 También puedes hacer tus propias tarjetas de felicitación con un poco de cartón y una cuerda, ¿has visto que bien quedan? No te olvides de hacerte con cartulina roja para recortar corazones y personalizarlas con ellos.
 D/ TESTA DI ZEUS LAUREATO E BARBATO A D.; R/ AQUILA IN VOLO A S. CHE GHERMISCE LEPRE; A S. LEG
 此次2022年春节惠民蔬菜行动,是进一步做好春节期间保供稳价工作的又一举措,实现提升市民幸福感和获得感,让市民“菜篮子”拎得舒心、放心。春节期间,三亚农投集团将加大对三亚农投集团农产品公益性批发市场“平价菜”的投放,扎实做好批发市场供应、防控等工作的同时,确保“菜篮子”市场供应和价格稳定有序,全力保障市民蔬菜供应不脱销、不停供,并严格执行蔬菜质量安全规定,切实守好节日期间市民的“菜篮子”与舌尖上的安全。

::::::

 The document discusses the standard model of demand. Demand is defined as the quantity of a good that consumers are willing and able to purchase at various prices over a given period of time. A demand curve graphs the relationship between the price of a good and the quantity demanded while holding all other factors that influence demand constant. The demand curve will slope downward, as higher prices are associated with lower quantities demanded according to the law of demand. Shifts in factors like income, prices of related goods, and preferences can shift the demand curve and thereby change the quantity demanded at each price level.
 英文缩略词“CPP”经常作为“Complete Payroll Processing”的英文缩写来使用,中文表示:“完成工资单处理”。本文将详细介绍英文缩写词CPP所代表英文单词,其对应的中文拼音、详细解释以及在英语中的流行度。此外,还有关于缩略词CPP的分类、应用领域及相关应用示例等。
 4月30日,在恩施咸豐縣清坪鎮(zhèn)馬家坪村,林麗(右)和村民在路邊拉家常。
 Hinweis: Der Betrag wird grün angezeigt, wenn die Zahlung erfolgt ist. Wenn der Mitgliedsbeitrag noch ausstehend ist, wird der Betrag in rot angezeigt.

::::::

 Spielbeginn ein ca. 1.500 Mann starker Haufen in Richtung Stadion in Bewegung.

::::::

▶ _Required action_: In the entries above, the lines between the one holding "También puedes hacer" and the one holding "D/ TESTA DI", inclusive, are to be printed exactly as written, and those alone.

▶ _Task answer_:
 También puedes hacer tus propias tarjetas de felicitación con un poco de cartón y una cuerda, ¿has visto que bien quedan? No te olvides de hacerte con cartulina roja para recortar corazones y personalizarlas con ellos.
 D/ TESTA DI ZEUS LAUREATO E BARBATO A D.; R/ AQUILA IN VOLO A S. CHE GHERMISCE LEPRE; A S. LEG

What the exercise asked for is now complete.